BEGIN Exercise data

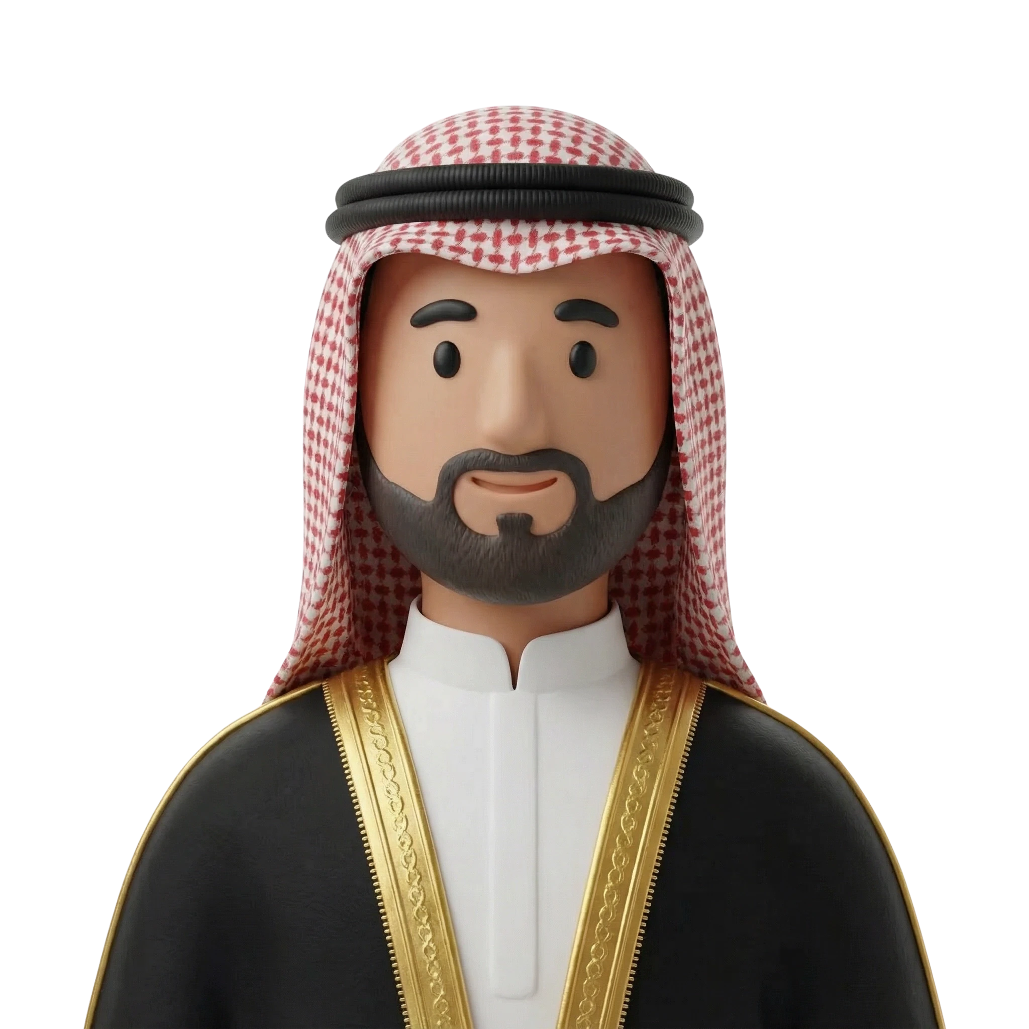 ضيف زفاف مميز يرتدي الزي السعودي التقليدي، يشمل الشماغ الأحمر والأبيض والثوب الأبيض والبشت الأسود المطرز بخيوط ذهبية، في تعبير عن الفخر الثقافي والرسمية في مناسبة ملكية.
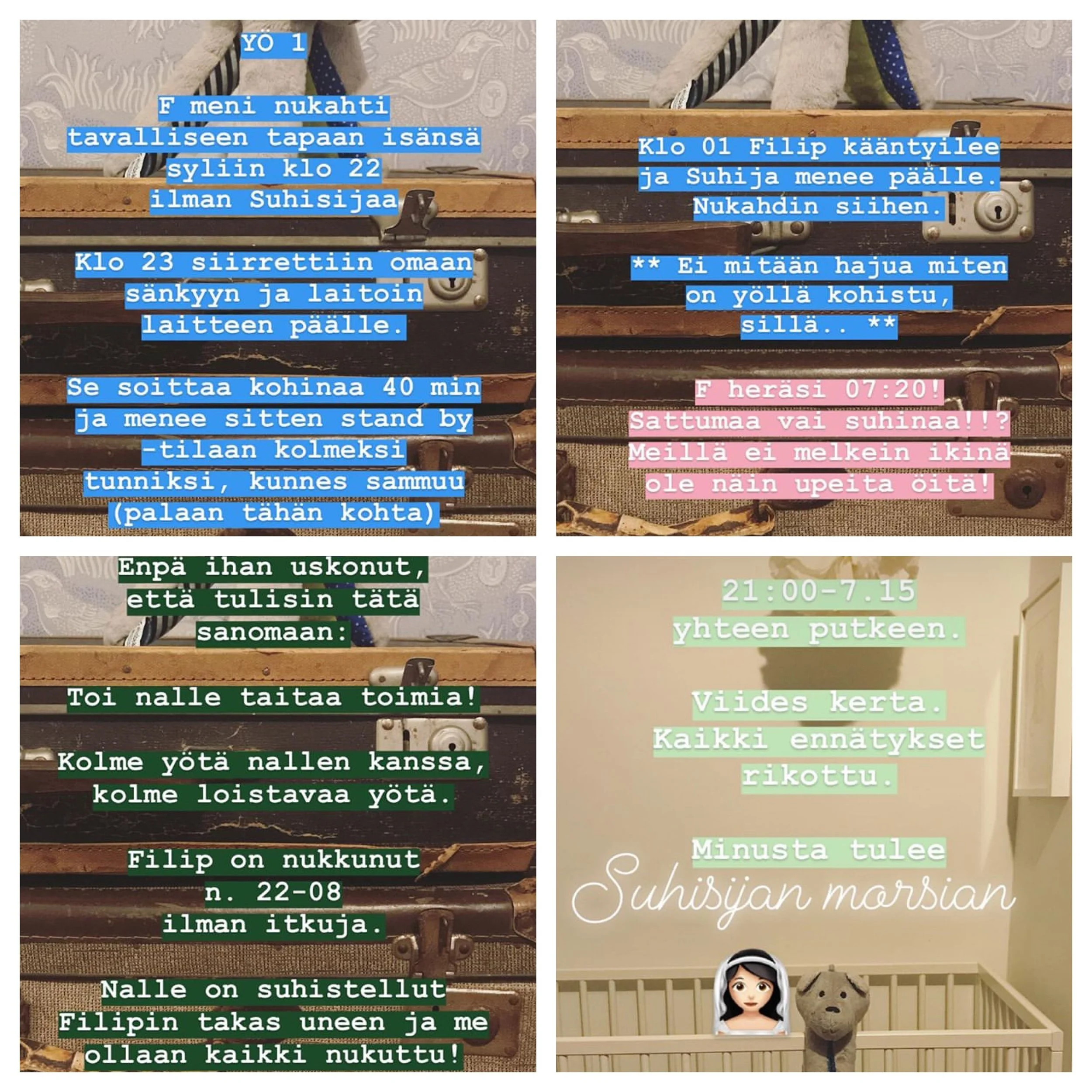 Tämän kolmisen kuukautta kestäneen testikauden aikana lapsukaisemme on varttunut vauvasta pikkutaaperoksi. Edelleen napsautamme joka ilta Suhisijan päälle, hiukan kuin ottamaan koppia. Ja edelleen se toimii. Ja tässä välissä olemme myös kokeilleet olla ilman Suhisijaa, tieteen nimissä. Ja reisillehän ne yöt menivät. Olen testannut myös soittaa vaaleanpunaista kohinaa YouTubesta, mutta se ei toiminut jostain syystä yhtä hyvin. En tiedä oliko syy sitten kohinassa (oliko se edes pinkkiä) vai siinä, että kohina oli yhtäjaksoista. Mutta en minä kiellä kokeilemasta YouTubea tai vastaavaa.
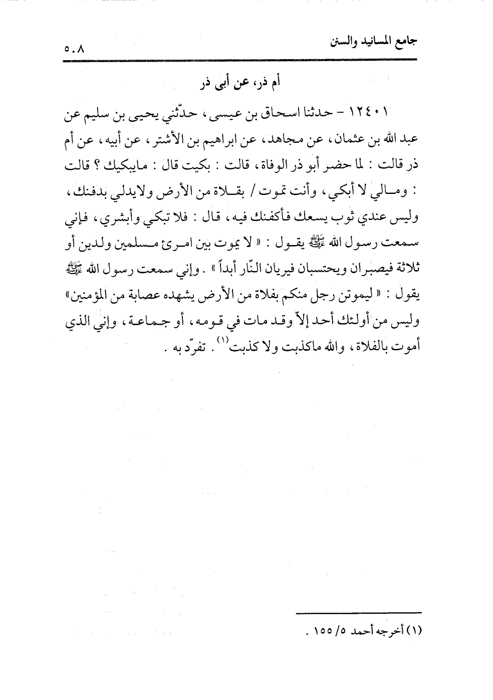 12401 - حدثنا إسحاق بن عيسى، حدثنى يحيى بن سليم عن عبد الله بن عثمان، عن مجاهد، عن إبراهيم بن الأشتر، عن أبيه، عن أم ذر قالت: لما حضر أبو ذر الوفاة، قالت: بكيت قال: ما يبكيك؟ قالت: وما لى لا أبكى، وأنت تموت/ بقلاة من الأرض ولا يدلى بدفنك، وليس عندى ثوب يسعك فأكفنك فيه، قال: فلا تبكى وأبشرى، فإنى سمعت رسول الله - صلى الله عليه وسلم - يقول: «لا يموت بين امرئ مسلمين ولدين أو ثلاثة فيصبران ويحتسبان فيريان النار أبدًا» . وإنى سمعت رسول الله - صلى الله عليه وسلم - يقول: «ليموتن رجل منك بفلاة من الأرض يشهده عصابة من المؤمنين» وليس من أولئك أحد إلا وقد مات فى قومه، أو جماعة، وإنى الذى أموت بالفلاة، والله ما كذبت ولا كذبت (¬1) . تفرد به.
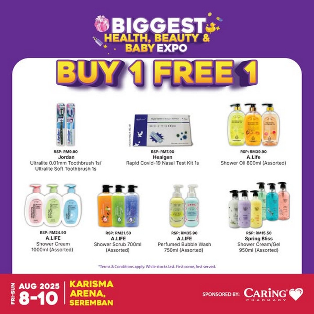 If you’re the kind of shopper who enjoys great savings and loves discovering bargains that genuinely make your wallet breathe a sigh of relief, then you’re in for a treat this August. CARiNG Pharmacy, a household name in Malaysia when it comes to affordable healthcare and wellness products, is rolling out an irresistible Buy 1 Free 1 Madness Sale. Taking place for only three days, from 8 to 10 August 2025, this promotion will be held exclusively at Karisma Arena in Seremban, running daily from 9am to 9pm.

END Exercise data

Exercise goal: The full data, repeated exactly and stripped of its pictures, is the expected answer.

Output:
 ضيف زفاف مميز يرتدي الزي السعودي التقليدي، يشمل الشماغ الأحمر والأبيض والثوب الأبيض والبشت الأسود المطرز بخيوط ذهبية، في تعبير عن الفخر الثقافي والرسمية في مناسبة ملكية.
 Tämän kolmisen kuukautta kestäneen testikauden aikana lapsukaisemme on varttunut vauvasta pikkutaaperoksi. Edelleen napsautamme joka ilta Suhisijan päälle, hiukan kuin ottamaan koppia. Ja edelleen se toimii. Ja tässä välissä olemme myös kokeilleet olla ilman Suhisijaa, tieteen nimissä. Ja reisillehän ne yöt menivät. Olen testannut myös soittaa vaaleanpunaista kohinaa YouTubesta, mutta se ei toiminut jostain syystä yhtä hyvin. En tiedä oliko syy sitten kohinassa (oliko se edes pinkkiä) vai siinä, että kohina oli yhtäjaksoista. Mutta en minä kiellä kokeilemasta YouTubea tai vastaavaa.
 12401 - حدثنا إسحاق بن عيسى، حدثنى يحيى بن سليم عن عبد الله بن عثمان، عن مجاهد، عن إبراهيم بن الأشتر، عن أبيه، عن أم ذر قالت: لما حضر أبو ذر الوفاة، قالت: بكيت قال: ما يبكيك؟ قالت: وما لى لا أبكى، وأنت تموت/ بقلاة من الأرض ولا يدلى بدفنك، وليس عندى ثوب يسعك فأكفنك فيه، قال: فلا تبكى وأبشرى، فإنى سمعت رسول الله - صلى الله عليه وسلم - يقول: «لا يموت بين امرئ مسلمين ولدين أو ثلاثة فيصبران ويحتسبان فيريان النار أبدًا» . وإنى سمعت رسول الله - صلى الله عليه وسلم - يقول: «ليموتن رجل منك بفلاة من الأرض يشهده عصابة من المؤمنين» وليس من أولئك أحد إلا وقد مات فى قومه، أو جماعة، وإنى الذى أموت بالفلاة، والله ما كذبت ولا كذبت (¬1) . تفرد به.
 If you’re the kind of shopper who enjoys great savings and loves discovering bargains that genuinely make your wallet breathe a sigh of relief, then you’re in for a treat this August. CARiNG Pharmacy, a household name in Malaysia when it comes to affordable healthcare and wellness products, is rolling out an irresistible Buy 1 Free 1 Madness Sale. Taking place for only three days, from 8 to 10 August 2025, this promotion will be held exclusively at Karisma Arena in Seremban, running daily from 9am to 9pm.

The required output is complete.